Location
- Rose Avenue High Wycombe, Buckinghamshire, HP15 7UB England 51°38′50″N 0°42′43″W﻿ / ﻿51.64709°N 0.71187°W

Information
- Type: Academy
- Religious affiliation: Multicultural
- Established: 1976
- Specialist: Arts College
- Department for Education URN: 137256 Tables
- Ofsted: Reports
- Headteacher: Neil Stocking
- Gender: Coeducational
- Age: 11 to 18
- Enrolment: 1180
- Website: www.swr.school

= Sir William Ramsay School =

Sir William Ramsay School is a co-educational secondary school in Hazlemere, Buckinghamshire, England. It takes children from the age of 11 through to the age of 18 with a total of approximately 1,180 pupils attending. The school shares a catchment area with the nearby Holmer Green Senior School.

==History==
The school was founded in 1976, and named after Nobel Prize winning scientist Sir William Ramsay, who lived in Hazlemere until his death in 1916. Sir William Ramsay has three houses: Blake, Nash and Hepworth. Each form is an individual house.
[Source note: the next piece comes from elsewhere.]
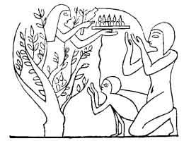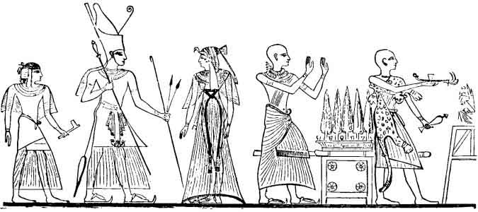 From a pious regard to those that gave them birth, the Egyptians paid some kind of inferior worship to their father and mother when dead, and to all their forefathers. They dutifully set out food for the use of these dead relations in the neighbourhood of the tombs, and their doing so was carefully mentioned on their own funeral tablets as an act which, like the worship of the gods, they had not neglected in their lifetime. The sculpture which shows the dead man on his knees presenting his offerings to the gods, shows him standing to present the same offerings to his ancestors. When he brings fire and water to the one, he does the same to the others. Such food would soon be devoured by the beasts and birds of the desert; and in the inscriptions Anubis the jackal is called the devourer of what is set out for the dead. The Egyptian superstitions are usually forbidden in the Mosaic Law, and in Deut. xxvi. 13, 14., we see that the Israelites were forbidden to set apart any food for the dead.

It was awarded specialist school status as a Visual Arts College by the Department for Education and Skills in September 2000.

On 9 January 2004, a fifteen-year-old pupil stabbed a fellow pupil after she intervened when he threatened his ex-girlfriend with a seven-inch steak knife.

On the morning of 27 January 2007, two men entered the school and were regarded as suspicious. Pupils were held in classrooms and the school was placed on lockdown while a police helicopter and canine team searched the surrounding area. Two men were later arrested.

In August 2011 the school became an Academy.

== Facilities ==
In 2007, the school opened a new performing arts centre. The first performance was the musical Grease.

In 2017 a new complex housing science labs, maths rooms, and a sixth form centre was opened by alumna and British singer Leigh-Anne Pinnock.

== Head teachers ==
Until the beginning of the 2012–13 academic year, the head teacher was Gaynor Comber. She was succeeded by Mark Mayne, who was in the role until the 2016–17 academic year. Deputy headteacher Chris Carter became acting head until the appointment of Christine McLintock for the 2017–18 academic year. McClintock resigned her role of Executive Headteacher after five years, and was succeeded by Paul Ramsey.

== Ofsted ==
In June 2022, Sir William Ramsay School underwent a full Ofsted inspection, where it was rated 'Inadequate', following a monitoring visit in 2021. The report described the arrangements for safeguarding as "not effective" and indicated that the school has "high incidence of serious behaviour incidents". In addition, the curriculum was described as "not always delivered well" in some subjects. According to the inspection report, the school has a good Sixth Form provision with high quality facilities for students to use.

Ofsted completed a further monitoring inspection of Sir William Ramsay School in March 2023. The report found that the school "remains inadequate and has serious weaknesses" despite a "strengthened" safeguarding team and improvements to behaviour.

==Disabled, special needs and hearing impaired pupils==
The school has a unit for deaf pupils, known as the HARP, and a unit for disabled and special needs pupils known as the SEN.

==Notable alumni==
- Abigail Hardingham (born 1991), actress.
- Adam Paul Harvey (born 1984), actor who played Tom Brake in Night and Day, Ralph Henshaw in Bedtime and Nathan Boothe in Where the Heart Is. More recently he has acted in two films: My Brother Tom (2001) and Son of Rambow (2007).
- Leigh-Anne Pinnock (born 1991), former Head Girl and British singer.